Hoping three is his lucky number, this is the third consecutive year Berry has filed this bill. In 2016, he told the Associated Press: “I’m treating everybody the exact same way and leaving space for people to believe what they believe outside of government.”
The whopping 377-page bill, which Berry has admitted is hugely unpopular, basically rewrites all of the state’s statutes regarding marriage, swapping out the word “married” for “a party to a contract of domestic union.”
See more: Finally: A Win for Women’s Rights as Bill Passes in Oregon
The problem with that, critics say, is that members of the LGBTQ community and nonreligious straight people who simply don’t want to get married inside a religious institution—hello, no-fuss backyard wedding officiated by your best friend who got ordained on the Internet—may lose out on important federal benefits, such as tax benefits and social security, if their forever union isn’t recognized as an actual marriage.

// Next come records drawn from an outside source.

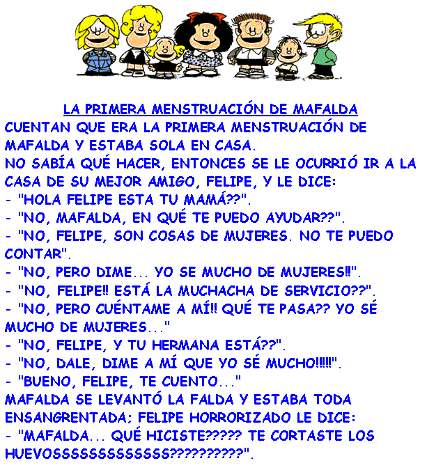 Hola. Solo creo que vale aclarar que ese chiste no pertenece al gran quino (autor de Mafalda) y que es más viejo que la humedad. En este caso alguien uso los personajes de quino para relatarlo. IkerClon. El proverbio que pones en tu firma está bueno y no sé porque me hizo acordar a algo que mi viejo siempre me repetía cuando me ponía caprichoso y quería terminar con la razón aun sabiendo que no la tenía: es mejor permanecer callado y que la gente crea que eres un idiota a que abrir la boca y ya no les quepa ninguna duda.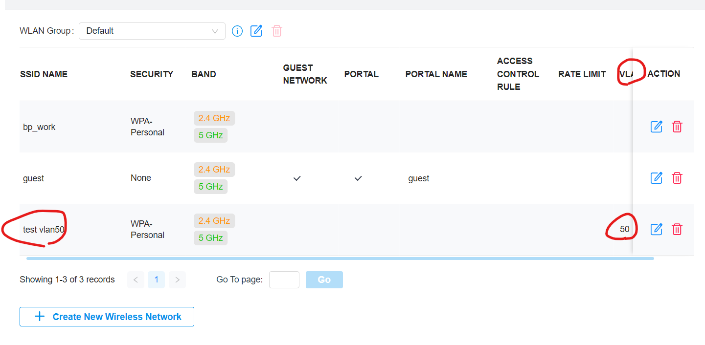 ssid 에 대한 vlan 은 50 으로 입력합니다.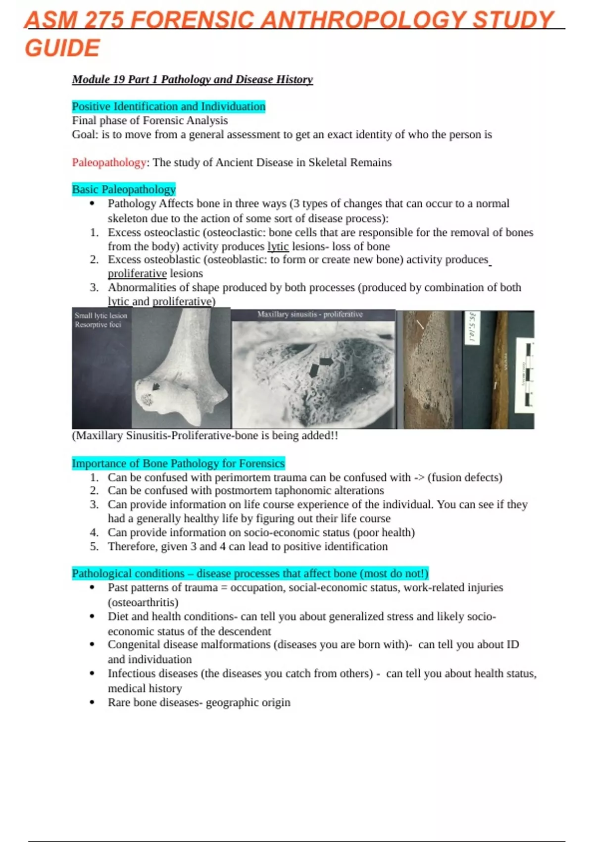 ASM275 / ASM 275 Forensic Anthropology Module 19 Study Guide with complete solution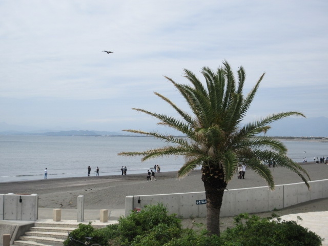 江の島に観光に行く前に立ち寄った公園です。海に向かって歩いていくとたどり着きます。横に広い海岸沿いの公園です。天気が良かったこともあって修学旅行生をはじめ、たくさんの人々で賑わっていました。海岸以外にも芝生の広場などもあり、遊具のある広場などもあります。ヤシの木とかもあって南国気分です。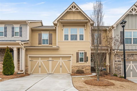 Massive price reduction!! Priced below appraised value. This beautiful gated like new townhome is nestled in the highly sought-after City of Peachtree Corners. It is within walking distance to the Forum Mall, new Town Center, Johns Bridge, & Simpson Wood Park by the Chattahoochee river. The beautiful new townhome boasts over 2,300 sqft making it one of the largest in the community. It features a 12x20 finished bonus room on the upper level that is currently used as a home gym but could be another home office, craft room, media room, or storage room. This home has tons of natural light! The main level features an open floor plan perfect for entertaining. The kitchen is very spacious and features a large island with granite countertops, subway tiles, and stainless steel appliances. Beautiful built-ins and hardwood floors in the living room lead out to the newly renovated back deck with Trex flooring that overlooks your backyard! Upstairs features a massive loft office/second family room with 2 generous-sized bedrooms and a guest bathroom. This 2-year-old community is centrally located and has easy access to all that Peachtree Corners and Atlanta has to offer!

Human Rights Campaign legal director Sarah Warbelow told Into recently: “The federal government has not historically recognized alternatives to marriage for those rights, benefits, and obligations.” After all, that’s what the fight for marriage equality was all about.
Warbelow added that HB 1434, if passed, would “call into question all couples’ rights.”
The bill currently sits in committee. Even though it’s pretty much gone nowhere for the past two years, there’s no telling what might go down in this legislative session in today’s anti-LGBTQ political climate. Stay tuned.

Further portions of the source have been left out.